* **The data**
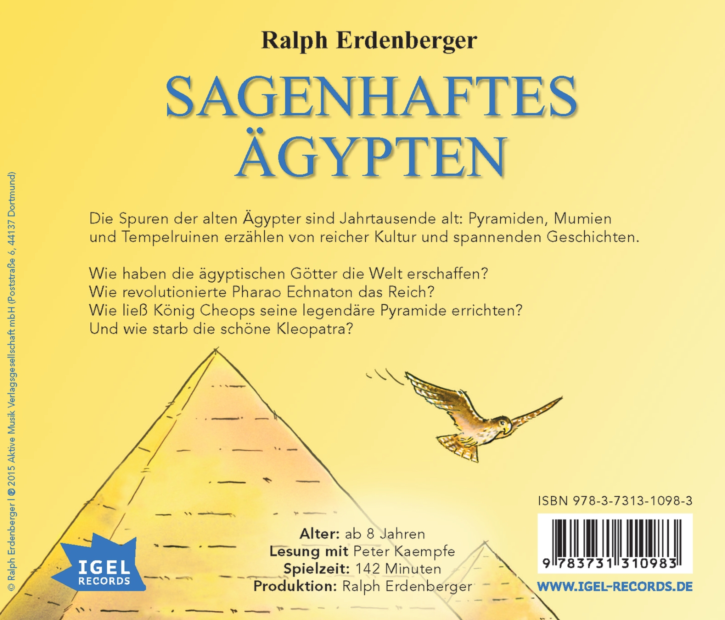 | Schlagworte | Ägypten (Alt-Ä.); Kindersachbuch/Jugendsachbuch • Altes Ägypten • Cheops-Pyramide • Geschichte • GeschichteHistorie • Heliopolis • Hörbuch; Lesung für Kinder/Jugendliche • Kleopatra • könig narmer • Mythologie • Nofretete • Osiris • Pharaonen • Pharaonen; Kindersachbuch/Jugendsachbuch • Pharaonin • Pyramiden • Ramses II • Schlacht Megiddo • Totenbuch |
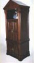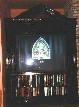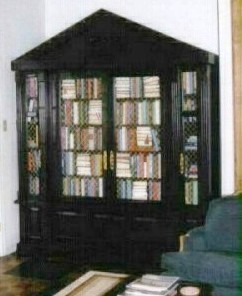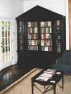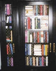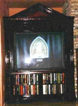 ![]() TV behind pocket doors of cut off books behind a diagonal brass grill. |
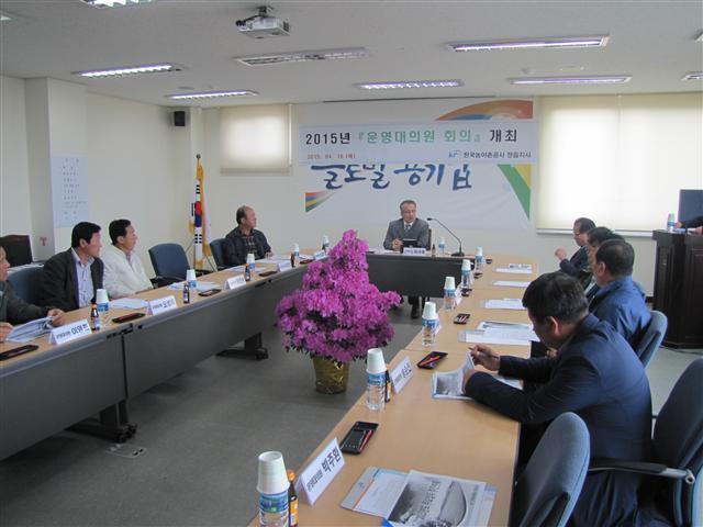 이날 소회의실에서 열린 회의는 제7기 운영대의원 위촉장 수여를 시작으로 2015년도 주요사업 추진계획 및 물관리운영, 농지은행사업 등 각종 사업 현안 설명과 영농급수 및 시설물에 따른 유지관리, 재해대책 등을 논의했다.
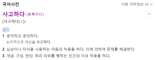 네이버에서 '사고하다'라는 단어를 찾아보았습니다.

* **What you need to do**
When you repeat the data, keep it exact and drop every picture.

* **Answer space**
 | Schlagworte | Ägypten (Alt-Ä.); Kindersachbuch/Jugendsachbuch • Altes Ägypten • Cheops-Pyramide • Geschichte • GeschichteHistorie • Heliopolis • Hörbuch; Lesung für Kinder/Jugendliche • Kleopatra • könig narmer • Mythologie • Nofretete • Osiris • Pharaonen • Pharaonen; Kindersachbuch/Jugendsachbuch • Pharaonin • Pyramiden • Ramses II • Schlacht Megiddo • Totenbuch |
 ![]() TV behind pocket doors of cut off books behind a diagonal brass grill. |
 이날 소회의실에서 열린 회의는 제7기 운영대의원 위촉장 수여를 시작으로 2015년도 주요사업 추진계획 및 물관리운영, 농지은행사업 등 각종 사업 현안 설명과 영농급수 및 시설물에 따른 유지관리, 재해대책 등을 논의했다.
 네이버에서 '사고하다'라는 단어를 찾아보았습니다.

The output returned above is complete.